[Entries shown]
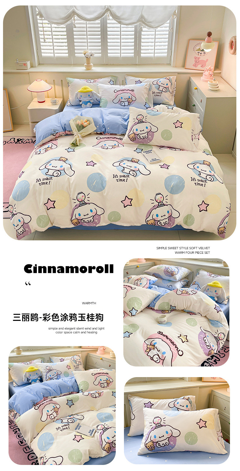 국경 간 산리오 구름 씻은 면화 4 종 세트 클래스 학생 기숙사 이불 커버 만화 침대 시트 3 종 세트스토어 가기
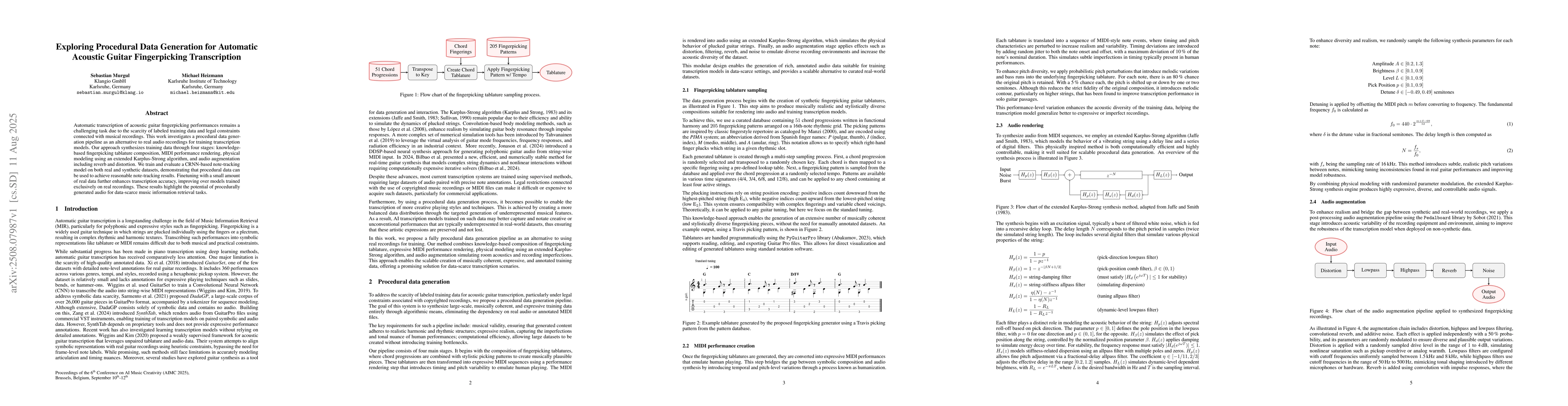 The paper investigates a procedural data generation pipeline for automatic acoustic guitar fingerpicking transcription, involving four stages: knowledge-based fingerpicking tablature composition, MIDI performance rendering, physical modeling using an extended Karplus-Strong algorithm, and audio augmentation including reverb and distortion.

* * *

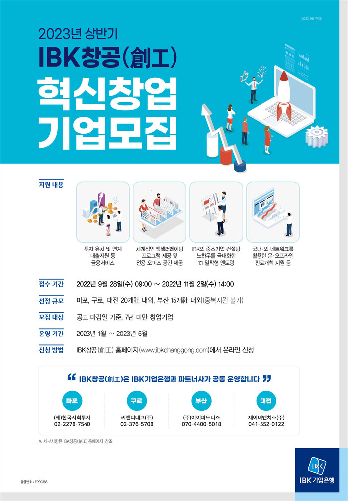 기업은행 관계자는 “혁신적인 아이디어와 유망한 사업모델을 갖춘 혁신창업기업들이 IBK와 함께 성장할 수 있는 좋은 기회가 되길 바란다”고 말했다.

[Assignment] Look through the material above. Transcribe exactly the lines between the ones with "국경 간 산리오 구름" and "The paper investigates", inclusive, and keep pictures out.

[Your solution]
 국경 간 산리오 구름 씻은 면화 4 종 세트 클래스 학생 기숙사 이불 커버 만화 침대 시트 3 종 세트스토어 가기
 The paper investigates a procedural data generation pipeline for automatic acoustic guitar fingerpicking transcription, involving four stages: knowledge-based fingerpicking tablature composition, MIDI performance rendering, physical modeling using an extended Karplus-Strong algorithm, and audio augmentation including reverb and distortion.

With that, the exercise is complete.